Могли бы кузены подобру—поздорову перевести недоразумение из состояния де-факто в положение де-юре, но обстоятельства повернулись иначе, и не вышло у них разговора с Морицем. Встали кузены плечом к плечу, да и спихнули его с крыльца, покрикивая вслед: «Что ты? Чего тебе? Чего надо?»
Ответить на их риторические вопросы Бениовский не успел. Заполняя морозную атмосферу запахами тихого домашнего застолья, кузены так напористо вытолкали Морица с крыльца, что не удержались и скатились вслед, а потом, то помогая, то мешая друг другу, выставили его за двор, и лошадь его выгнали, и ворота захлопнули из последних уже сил.
За воротами потерянной вотчины Бениовский не сразу справился с охватившим его удивлением. Чего-то ему казалось непонятным и странным в поведении кузенов. С одной стороны – с самого детства они не воспринимали его всерьёз, поскольку были намного старше. С другой стороны, всё-таки, он привык держать обоих за родню, и требовалось время, чтобы отвыкнуть от этого стереотипа. Хотя бы минуты две.
В дальнейшей жизни Бениовский научился сбрасывать стереотипы гораздо быстрей, но пока что ему было всего шестнадцать лет. Нельзя об этом забывать. Требовалось Морицу поразмыслить о неожиданных превратностях судьбы, о неприятностях путешествий в зимнее время, и чёрт его знает, о чём еще. По окончании мыслительных процессов, он извлёк из седельной кобуры пистолеты, сунул их подмышку и стал сыпать порох на полки, одновременно прикидывая – как бы половчей перепрыгнуть забор.
«Не открывают что ли?» – раздался сзади незнакомый голос. Мориц обернулся и увидал рослого парня в овечьем полушубке мехом вовнутрь. «Хороший полушубок.
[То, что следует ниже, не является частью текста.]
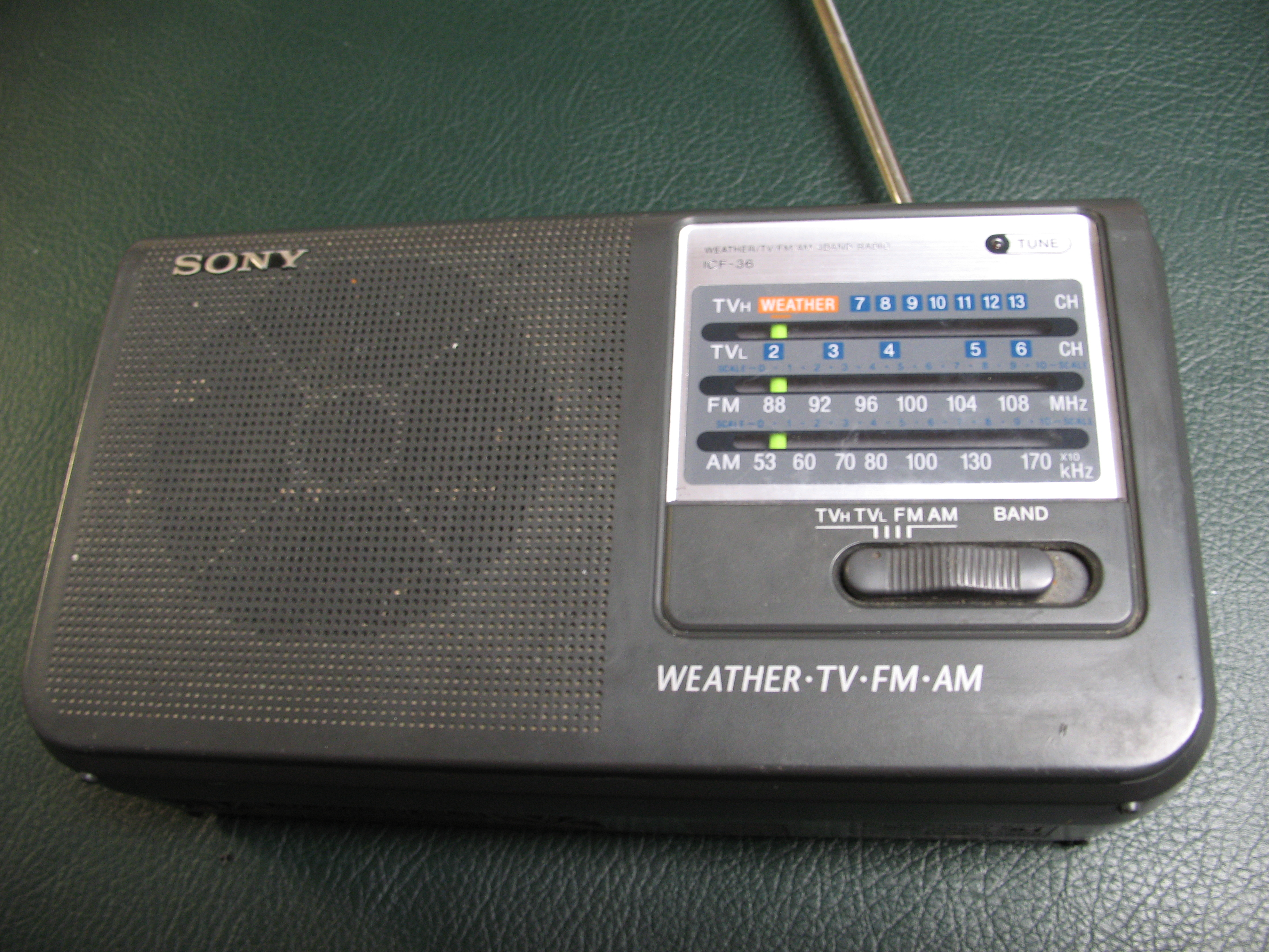 Sony ICF-36 portable radio - tuner bands - weather tv fm am Manufactured in 2001 The analog TV audio reception bands are obsolete and unusable in the United States, following the conversion to Digital TV.

Тёплый» – успел подумать Мориц перед тем, как признал в парне Дамека.
Хоть с детских времён и прошло лет десять, а дядёк с наметившимися усами – совсем не тот малец Дамек, образ коего хранился в долгой памяти. Вот и Дамек начал узнавать Морица. По мере узнавания – выпучил глаза и растопырил руки в жесте радостного удивления: «Никак, паныч приехал! – воскликнул он простодушно, и тут же поинтересовался – Чёго это вы, господин офицер, делаете с пистолетами? Стрелять надумали?»
«Приехал, Дамек. Сам видишь – согласился Бениовский, и тут же посоветовал – ступай-ка ты домой. Тут сейчас начнётся смертоубийство. Ни к чему тебе лишние ужасы»
Дамек понимающе кивнул: «Ну и правильно. Давно пора угомонить мироедов, а то совсем потеряли совесть. Как старый пан преставился, так они тут же налетели на дармовщинку. Недели не прошло с похорон, как начались поборы. Люди ропщут меж собой, но плетью обуха не перешибить. Новые хозяева – новые правила. Приезжал важный чин из города, может быть, даже генерал! Встретили его по-царски. Пьянствовали – аж дым коромыслом.
Матушка твоя была хоть и строгая, но справедливая. Лишнего с народа не требовала. Когда она померла, то вовсе настало облегчение. Твой батя все подати отменил. И правильно. Зачем ему?